Bernd Misskampf, Leiter der Ausländerbehörde Ingelheim, verteidigte am Montag das Vorgehen der Behörden: Die Iranerin sei im Mai gemeinsam mit ihrem Ehemann und dem heute anderthalb Jahre alten Sohn aus Kroatien nach Deutschland gekommen. Weil die Familie aber schon in Kroatien einen Asylantrag gestellt hatte, habe hier die Dublin-Regel gegriffen, nach der das Land des ersten Kontakts zuständig sei. Im Sommer sei deshalb ihr Asylantrag in Deutschland abgelehnt worden, ebenso zwei Eilrechtsanträge vor Gericht, der letzte am 12. Oktober 2018. Daraufhin wurde die Abschiebung angesetzt, ein erster Versuch im September sei wegen Widerstands der Familie fehlgeschlagen, berichtete Misskampf.
Die zweite Abschiebung wurde für den 18. Oktober angesetzt, das sei der Frau sogar entgegen der Gepflogenheiten zuvor angekündigt, schriftlich und mit Übersetzung, betonte Misskampf. Am 17. Oktober habe die Behörde dann aber einen Anruf der Aufnahmeeinrichtung Ingelheim bekommen: die Frau sei weg, in eine Klinik, das Kind habe sie einer Bekannten übergeben. Die Ausländerbehörde machte die Frau schnell in der Mainzer Uniklinik ausfindig: dort war sie wegen ihrer Diabeteserkrankung aufgenommen worden, die Erkrankung macht i9hre Schwangerschaft nach Aussage von Experten zu einer Risikoschwangerschaft.

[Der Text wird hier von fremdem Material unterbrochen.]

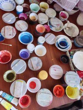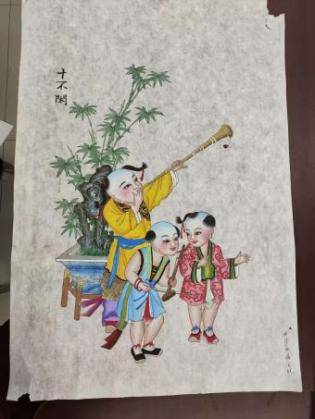 今年的春天,我們相約會談,走近了她。她衣著樸素,善良憨厚的笑容,利落的短發(fā)像一縷縷青絲自然發(fā)亮。她的眼神一絲不茍的凝視著那套大氣的年畫冊頁,向我介紹版畫里面的內(nèi)容及制作工藝,這本冊頁含有12張經(jīng)典年畫。這是她為客戶代加工的作品,目前訂單很多,這份訂單她剛開始著手繪描,下一份加工作品又給她送來。一間十幾平米的畫室窗明幾凈,地面潔白。白色案臺和方桌上擺滿了七彩繽紛的年畫顏料,不下幾十種,她告訴我先從哪下筆描繪,最后從哪里收筆。畫冊主體顏色是以紅黃藍為調(diào)色的。里面的人物姿態(tài)萬千,充滿了靈動性。我對這本冊頁很感興趣,仔細觀察每一幅畫的人物造型。描顏色是要把原版圖片橫放的,而不是正面描色,側(cè)描有利于最后對人物眼睛的線條收筆。在這里,聞到了水墨丹青的韻味,看到的是非遺文化的光芒在閃爍。

„Wir hatten eine relativ hohe Blutzuckerentgleisung, die war entsprechend behandelt worden“, sagte Misskampf nun am Montag. Er habe dann telefonisch mit der behandelnden Ärztin Kontakt aufgenommen und ihr geschildert, dass eine Abschiebung anstehe und wie man die durchführen wolle. „Wir hatten Begleitung zum Flughafen mit Rettungswagen und Notarzt vorgesehen, der Notarzt war auch auf den Flug mit draufgebucht“, sagte Misskampf. Auch sei eine ordnungsgemäße Übergabe an einen Arzt in Kroatien organisiert gewesen. All das habe er der behandelnden Ärztin dargelegt, „und die Frage erörtert, ob wir von einer Reiseunfähigkeit ausgehen müssen“, sagte der Amtsleiter weiter: „Die Antwort war nicht Ja.“ Es sei nicht von einer Reiseunfähigkeit auszugehen, habe die Ärztin gesagt, versicherte Misskampf auf Nachfrage.

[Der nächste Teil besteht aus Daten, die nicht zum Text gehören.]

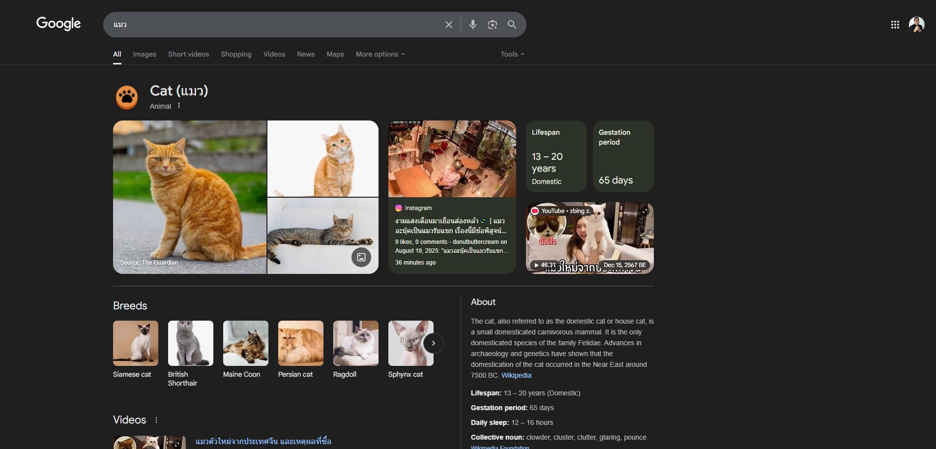 - พิมพ์ในช่องค้นหาว่า “แมว”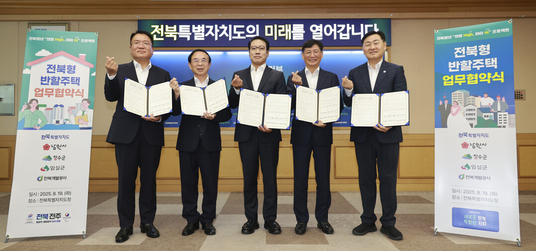 [하비엔뉴스 = 이수준 기자] 전북특별자치도는 19일 도청에서 남원시·장수군·임실군 및 전북개발공사와 '전북형 반할주택' 1단계 사업의 성공적 추진을 위한 업무협약을 체결했다.

Im Mainzer Universitätsklinikum bestreitet man das: „Reisefähigkeit wurde weder von den Behörden erfragt, noch von der Universitätsmedizin erteilt“, betont der Leiter der Mainzer Uniklinik, Norbert Pfeiffer. Gegenüber den Behörden sei seitens der Universitätsmedizin keine Reisefähigkeit attestiert worden – denn Reisefähigkeit bedeute, dass eine Person ohne wesentliche Einschränkung reisen könne. „Dies war bei der Patientin aufgrund ihres stationären Aufenthalts aus gesundheitlichen Gründen gerade nicht der Fall“, unterstreicht Pfeiffer. Die Klinik habe deshalb „sehr deutlich darauf hingewiesen, dass die Patientin allenfalls unter der Voraussetzung fortwährender medizinischer Betreuung transportiert werden könne.“ Diese sei der Klinik von den Behörden zugesichert worden.

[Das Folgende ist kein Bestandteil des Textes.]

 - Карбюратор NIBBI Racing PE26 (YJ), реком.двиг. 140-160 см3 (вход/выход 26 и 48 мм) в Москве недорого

Der Ausländerbehörde reichte das offensichtlich: Gegen 23.30 Uhr wurde die Iranerin von zehn bis zwölf Polizisten in Begleitung von Mitarbeitern der Ausländerbehörde aus der Uniklinik abgeholt. Das sei in einem sogenannten Aufwachraum geschehen, einem separaten Zimmer, sagte Misskampf: „Sie wurde gebeten, ruhig mitzugehen, was auch erfolgte“, das Ganze sei „eine ganz normale, geordnete Übergabe gewesen.“
Für die Klinik war es das indes wohl keineswegs: „Die Universitätsmedizin Mainz erachtet die Art und Weise, wie die Abschiebung vollzogen wurde, als außerordentlich bedenklich und als eine für die betroffene Patientin, die übrigen Patienten und die Mitarbeiter sehr belastende Situation“, kritisierte Pfeiffer. Die Uniklinik habe aber „keine Handhabe, insbesondere nicht auf gesetzlicher Grundlage, eine Abschiebung durch die zuständigen Behörden zu verhindern.“ Auch könne man die Rechtmäßigkeit in keinster Weise beurteilen. Die Ärzte pochten aber offenbar auf ordentliche medizinische Versorgung der Patienten, da man diese sonst nicht entlassen könne.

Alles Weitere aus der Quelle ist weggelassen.